> _PROBLEM TO SOLVE_
Without the images, write out the entries word for word.

Excerpts from a dataset
○ ○ ○ ○
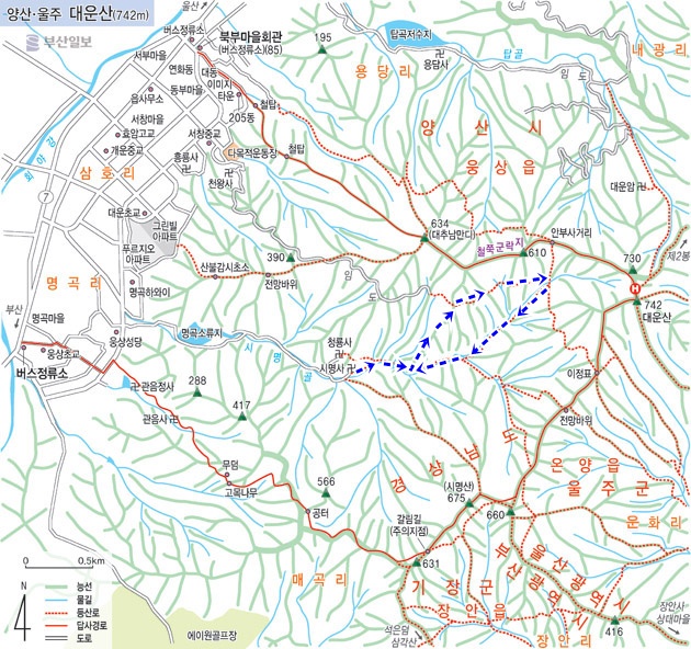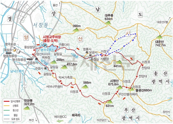 코스 : 시명사/사방댐/이정표/계단 갈림길/대운산 아래/계곡/계곡 삼거리/이정표/사방댐/시명사
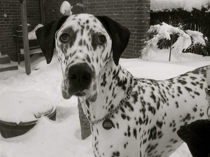 Bayli er en blanding mellem grand danois og en dalmatiner. Vores dyrelæge siger dog at det eneste dalmatiner der er i ham er pletterne.
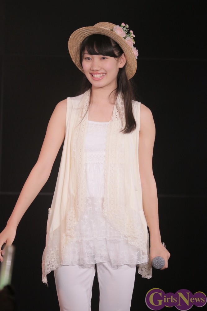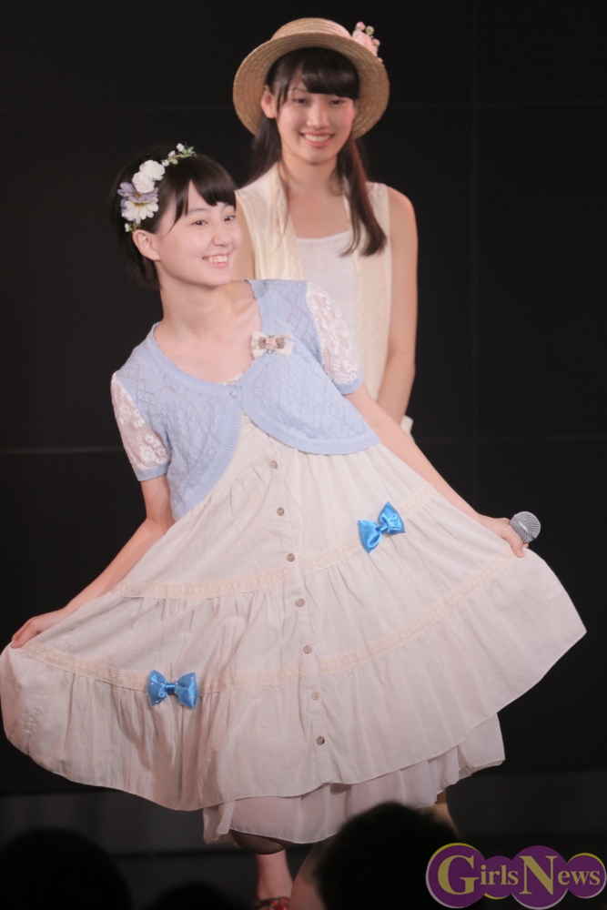 佐保明梨さんには、夏の避暑地を思わせる爽やかなパンツスタイル。手足の長さが際立ち、メンバーの個性に合わせて熟慮した関根さんの努力が垣間みえる選択。「可愛い!」と沸きすぎるほど沸いた会場に向って「今日は可愛らしい破壊王になりたいです。」と宣言していた。
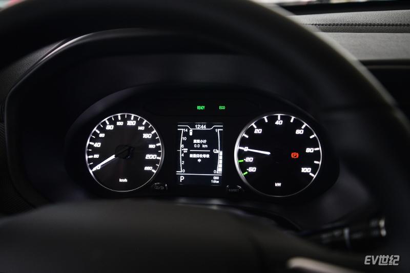 实拍的瑞虎e车型采用了机械+单色液晶屏组成的仪表,左侧为时速显示,右侧为能量输出指示,中部的液晶屏可显示车辆的各种综合信息。
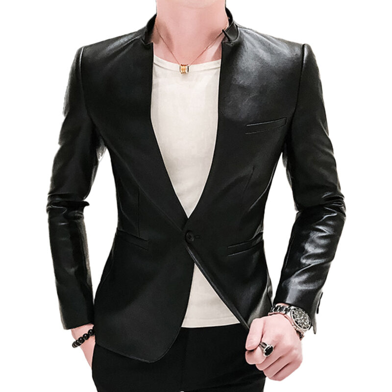 Men’s Black Genuine Sheepskin Stand Collar Casual Office Business Leather Blazer
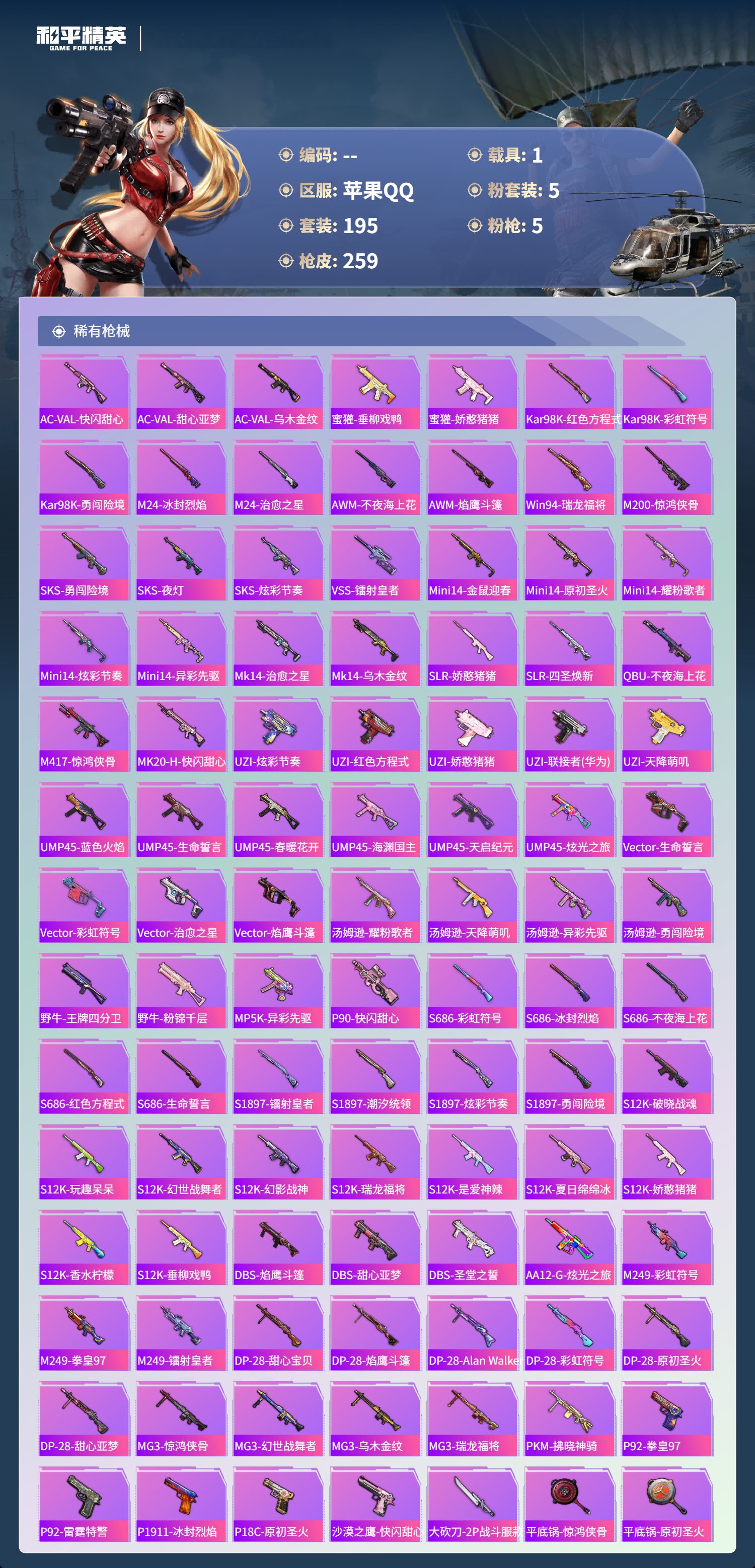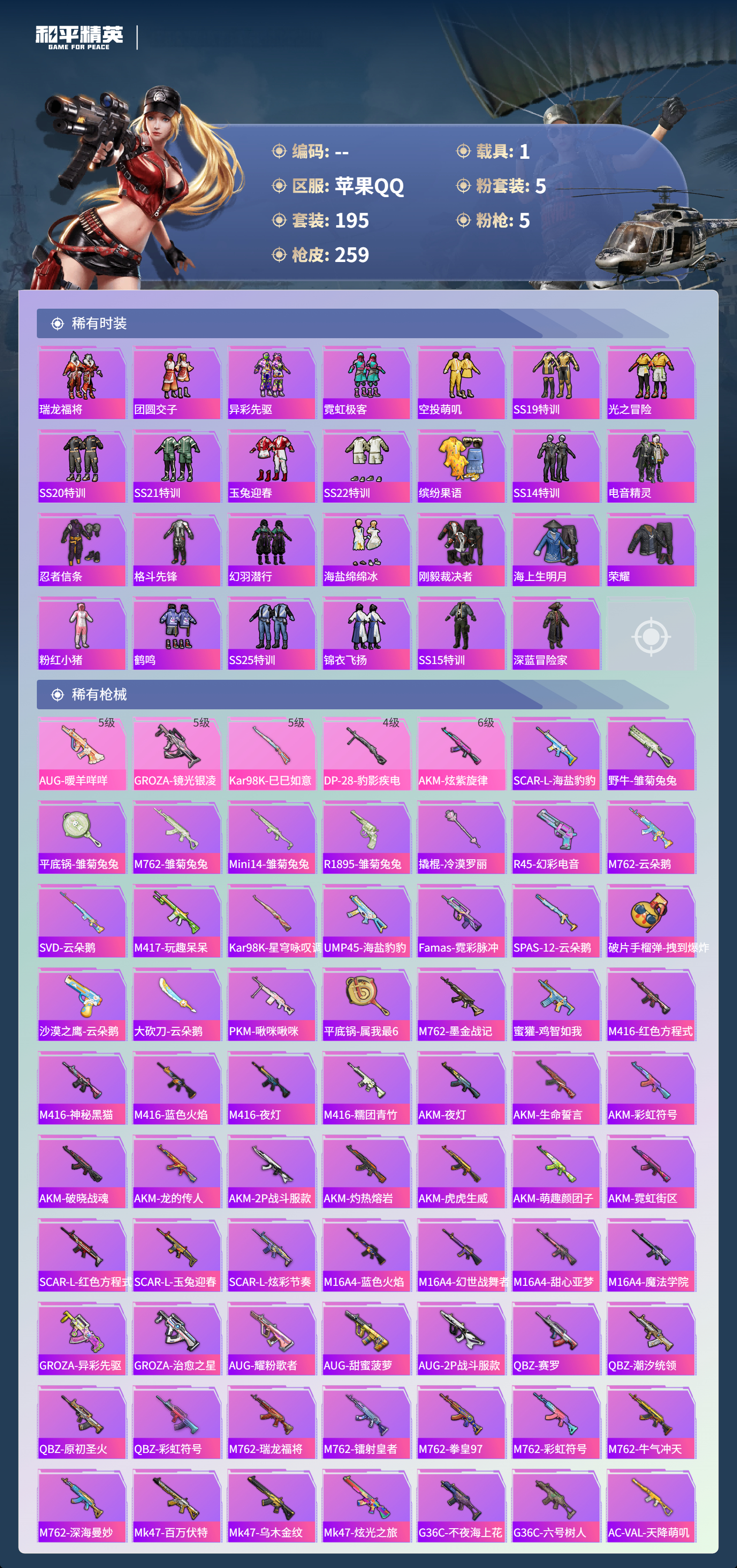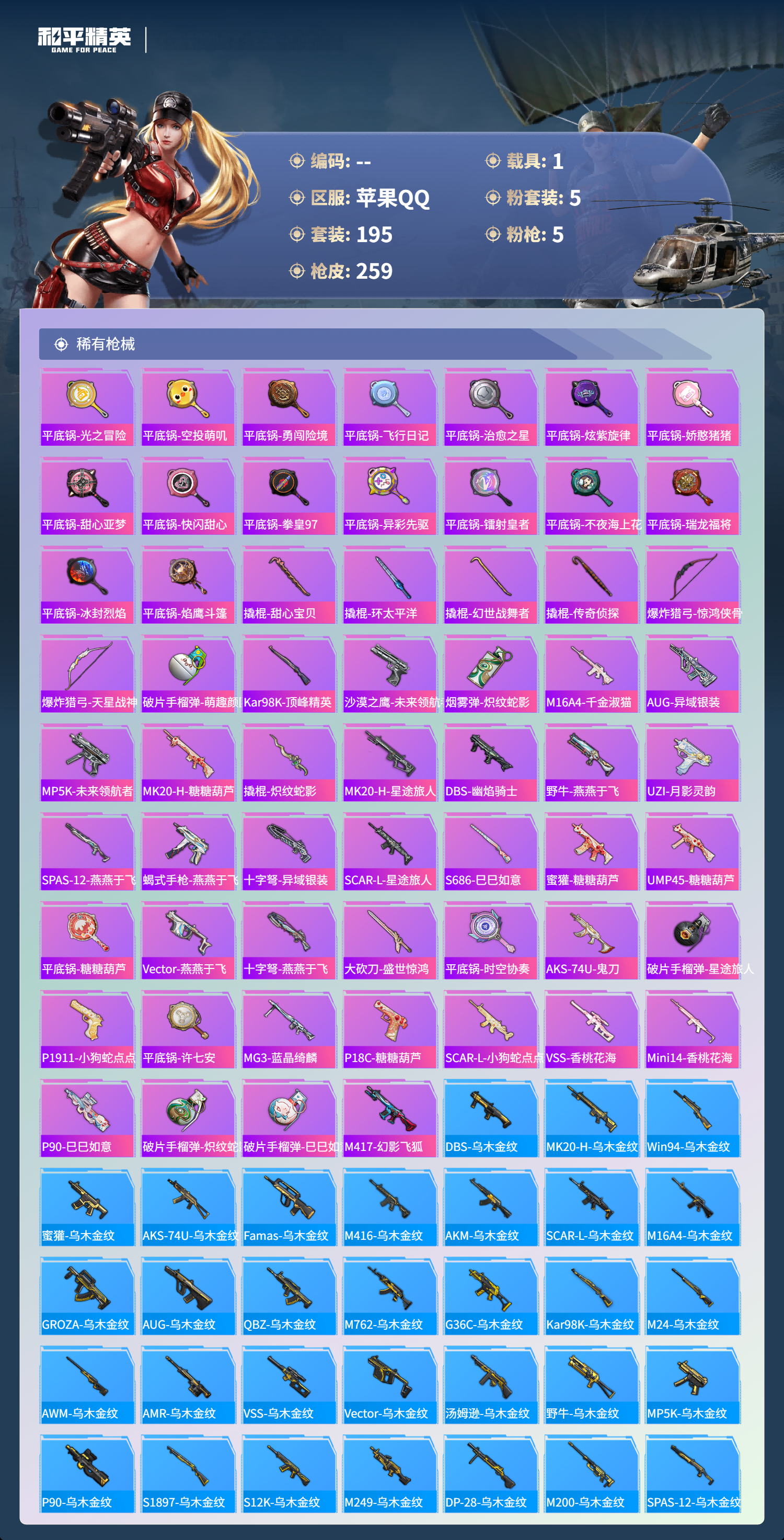 【66435】【不可二次】【苹果QQ】大橘为重 奇异狩猎者 M762-瑞龙福将 极速红龙 忍者信条 AKM-炫紫旋律 白月香洋装 太空嘟嘟飞行器 粉红小猪 幻影战神 瑞龙福将 风华少年志 雪山精英 团圆交子
○ ○ ○ ○
> _EXERCISE SOLUTION_
 코스 : 시명사/사방댐/이정표/계단 갈림길/대운산 아래/계곡/계곡 삼거리/이정표/사방댐/시명사
 Bayli er en blanding mellem grand danois og en dalmatiner. Vores dyrelæge siger dog at det eneste dalmatiner der er i ham er pletterne.
 佐保明梨さんには、夏の避暑地を思わせる爽やかなパンツスタイル。手足の長さが際立ち、メンバーの個性に合わせて熟慮した関根さんの努力が垣間みえる選択。「可愛い!」と沸きすぎるほど沸いた会場に向って「今日は可愛らしい破壊王になりたいです。」と宣言していた。
 实拍的瑞虎e车型采用了机械+单色液晶屏组成的仪表,左侧为时速显示,右侧为能量输出指示,中部的液晶屏可显示车辆的各种综合信息。
 Men’s Black Genuine Sheepskin Stand Collar Casual Office Business Leather Blazer
 【66435】【不可二次】【苹果QQ】大橘为重 奇异狩猎者 M762-瑞龙福将 极速红龙 忍者信条 AKM-炫紫旋律 白月香洋装 太空嘟嘟飞行器 粉红小猪 幻影战神 瑞龙福将 风华少年志 雪山精英 团圆交子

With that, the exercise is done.